Butternut Squash & Cashew Samosas

My boyfriend Matt’s round to visit for a few days again and yesterday he took me to see Swan Lake in London as an early birthday present, which was absolutely incredible – I mean it, it made me cry it was so beautiful (my favourite scene, where Odette and Sigfried dance together and he pledges his eternal love was in such a stunning setting) – and today we just messed around and cooked a lot, we decided to make samosas for dinner, and then we made Olympic gingerbread men (recipe/pictures coming up soon) and they were both really lovely; the samosas were really well spiced and homely tasting, whilst still being really light and summery.
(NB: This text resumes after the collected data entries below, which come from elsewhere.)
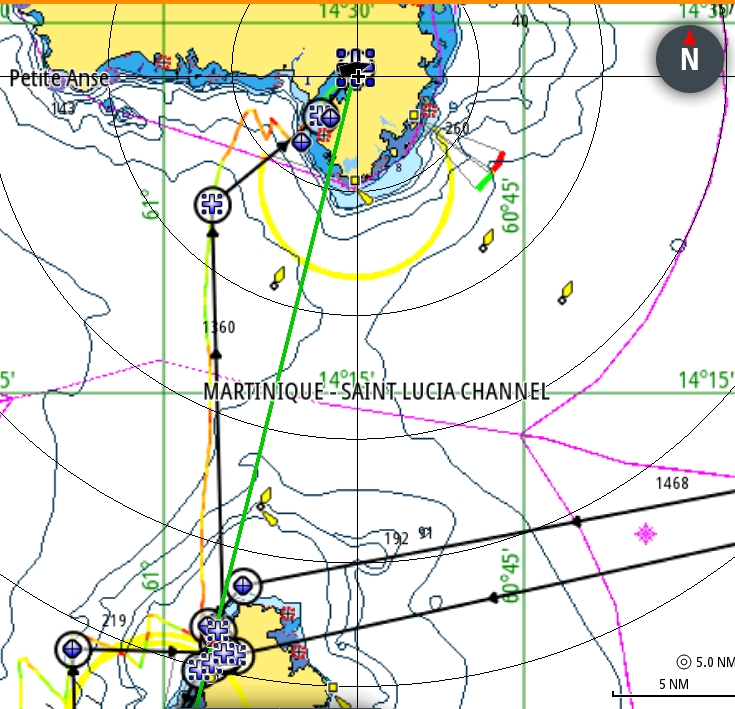 Wie geplant stehe ich um 06.00 Uhr auf und mache das Schiffchen seeklar. Um 06.40 nimmt Michèle den Anker auf und ich setzte noch im Drehen die Segel. Schon gehen die Motoren aus und langsam schieben wir uns aus unserer Saint Lucia Heimat, der Rodney Bay. Vorbei am Pigeon Island – da oben waren wir auch! Hier, wo wir jetzt stehen, war auch ein Katamaran, als wir von oben runter schauten. Langsam nimmt der Wind zu und die Fahrt wird schneller.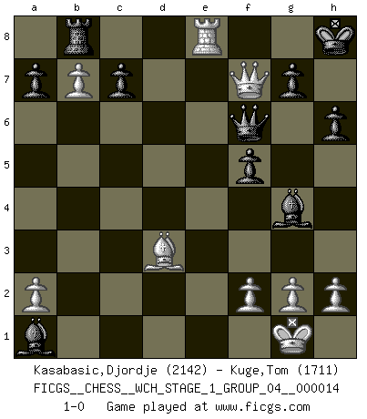 Last move : 1-0 2014 December 17 11:4:34 [Event "FICGS__CHESS__WCH_STAGE_1_GROUP_04__000014"] [Site "FICGS"] [Date "2014.11.01"] [Round "1"] [White "Kasabasic,Djordje"] [Black "Kuge,Tom"] [Result "1-0"] [WhiteElo "2142"] [BlackElo "1711"] 1.e4 e5 2.Nf3 Nf6 3.Nxe5 d6 4.Nf3 Nxe4 5.d4 Bg4 6.Bd3 d5 7.O-O Nc6 8.Re1 f5 9.c4 Bb4 10.Nc3 O-O 11.cxd5 Nxc3 12.bxc3 Bxc3 13.dxc6 Bxa1 14.cxb7 Rb8 15.Qb3+ Kh8 16.Bg5 Qd7 17.Ne5 Qxd4 18.Nf7+ Rxf7 19.Qxf7 h6 20.Bf6 Qxf6 21.Re8+ 1-0 Petrov : Classical attack Kingside Castling by player White (move 7) Kingside Castling by player Black (move 10) Player White won this chess game. Follow this game move after move (download)Pawns are born free, yet they are everywhere in chains. (Rick Kennedy) Gott hat gewollt, dass ich Champion werde. (Surab Azmajparaschvili) Nunca nadie ha ganado una partida de Ajedrez rindiendose. (Unknown) Nous sommes les pions de la mystérieuse partie d'Echecs jouée par Dieu. Il nous déplace, nous arrête, nous pousse encore, puis nous lance un à un dans la boîte du Néant. Epitaphe sur la tombe de David Janowsky (1868-1927). Humor is by far the most significant activity of the human brain. (Edward De Bono)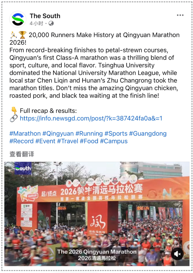 Pearl、Record GBA、Shenzhen Daily、Shenzhen Channel等媒体同步发声,把清远这个“中国城市的小智慧”传到了全世界。The South更是用《速度、激情与美食:2026清远马拉松点燃全城》为题,把这场赛事的“温度”讲给海外网友听。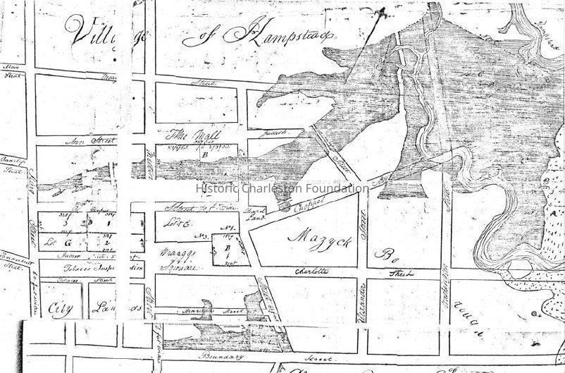 Shows Village of Hampstead and Mazyckborough and the area bounded by Mary Street, King Street, Boundary Street, and the Cooper River.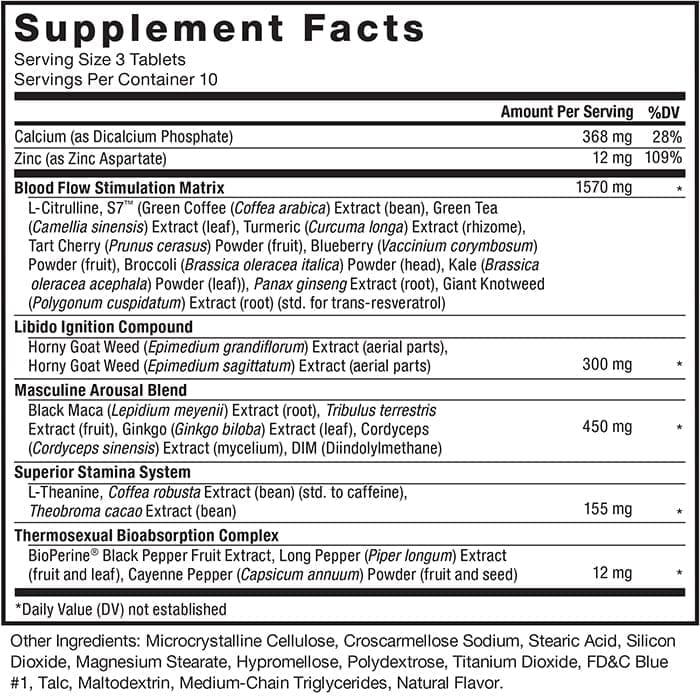 - L-Citrulline: Supports stamina and arousal by increasing nitric oxide production.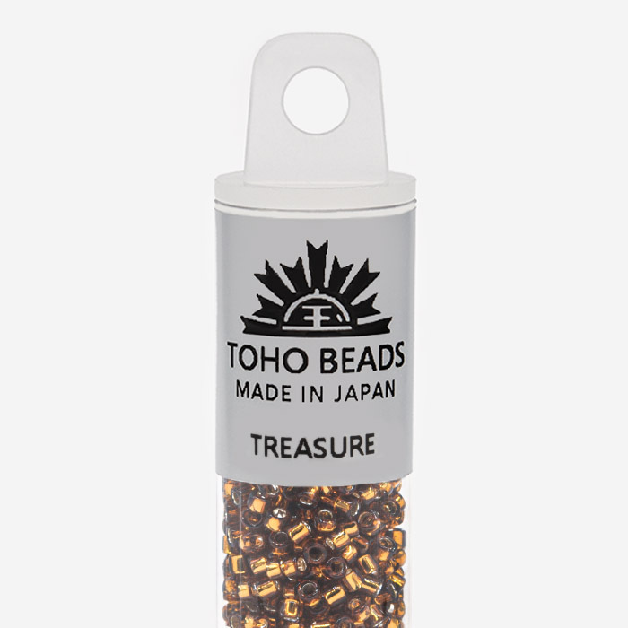 Бусины Toho Treasure имеют размер около 1,6 мм, в одном грамме около 202 штук. Бисер данного вида имеет цилиндрическую форму, идеально подходящей для кирпичного плетения, которое часто используются, например, при изготовлении колец и чокеров. По сравнению с другими производителями, бусины TOHO имеют более крупное отверстие, что позволяет легче вдевать в него нить несколько раз. Бисер TOHO является одним из лучших в мире и имеет огромное разнообразие моделей и цветов.
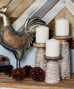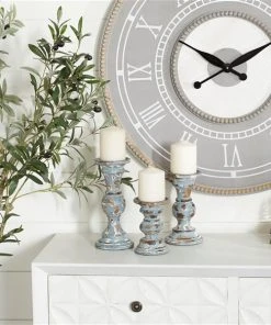 Grayson Lane Light Blue Wooden Pillar Candle Holder – Set of 3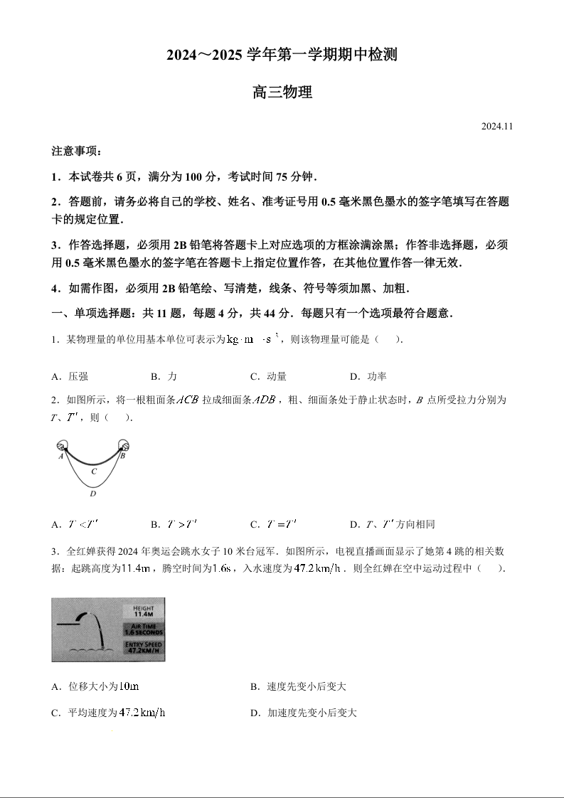 江苏省扬州市2025届高三上学期11月期中考试 物理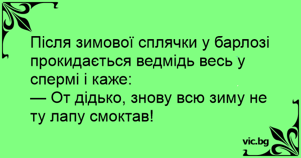 Після зимової сплячки у барлозі прокидається ведмідь весь у спермі і каже: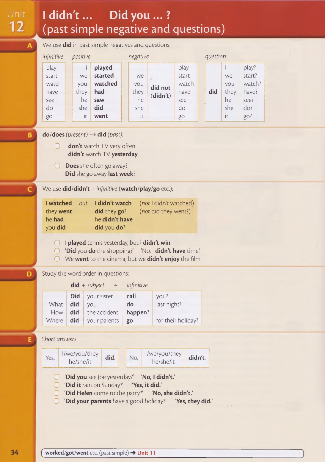 12 I didn’t… Did y o u …? (past simple negative and questions)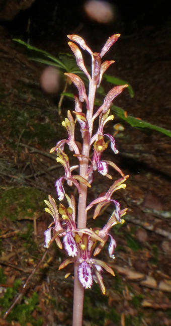 — Western coralroot: Spikes of pinkish flowers on pink stems usually appear in groups. There is no green pigment at all and no capacity for photosynthesis; these plants are indirectly parasitic on trees and shrubs, via mycorrhizal fungal connections, and also may be saprophytic (feeding on decayed organic matter). The flowers are visited by bees.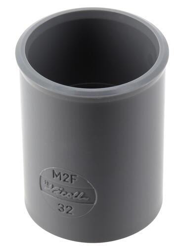 Manchon, ø 32 mm, femelle-femelle, à coller, gris, en pvc lisse, permet de réaliser une jonction entre deux tubes, pour l'évacuation des eaux usées, marquage nf e et nf me sécurité feu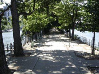 The Allée des Cygnes is a paved, tree-lined walk-way with many benches. One can still hear the sounds of the city traffic, but they are muted, in the not-so-far-distance. It's about as far from the city as one can get while still being in the city. It's a popular promenade for families, the elderly, joggers and people with dogs.

I found this recipe in my The Gate recipe book, and it’s intrigued me for absolutely ages, so I thought that seeing as Matt was coming over, it would be nice to make the effort and try it out. Beware, it’s quite difficult when it comes to wrapping the filo around the filling, so be quite light and gentle with them, and persevere – I found that this recipe made more than six medium samosas, which is what they suggested it would, so don’t be put off if a few of them don’t work out :)

Samosas

Ingredients

200g pack of filo pastry

A little vegetable oil

400g of butternut squash, peeled and deseeded

One teaspoon of turmeric

One tablespoon of garam masala

One crushed garlic clove

One small onion, grated

One small piece of grated ginger

One teaspoon of caster sugar

100g of cashew nuts, soaked in boiling water for 10 minutes (not actually boiled, as Matt thought)

One small handful of coriander leaves, chopped

Method

  1. Preheat the oven to 200 degrees Celsius. Dice the butternut squash and mix with a little oil, then bake on a baking tray for 20 minutes. Remove from the oven, then turn the oven up to 220 degrees Celsius to preheat for the samosas.
  2. Heat the garam masala, turmeric, ginger, onion and garlic. Cook until the excess water from the onion has evaporated. Add the sugar. When the butternut squash is cooked, add it to the mix, along with the drained cashews and coriander. Leave to cool.
  3. To make the samosas, take one sheet of filo pastry, and brush with oil, then add another sheet directly on top, then cut the filo into strips about 8cm wide. Place a tablespoon of filling at the bottom corner of the strip. Fold the pastry over the filling to make a triangular shape. Maintaining the triangular shape, keep folding the pastry over itself to the top. When all the samosas are folded, brush with oil, then bake for 15 minutes.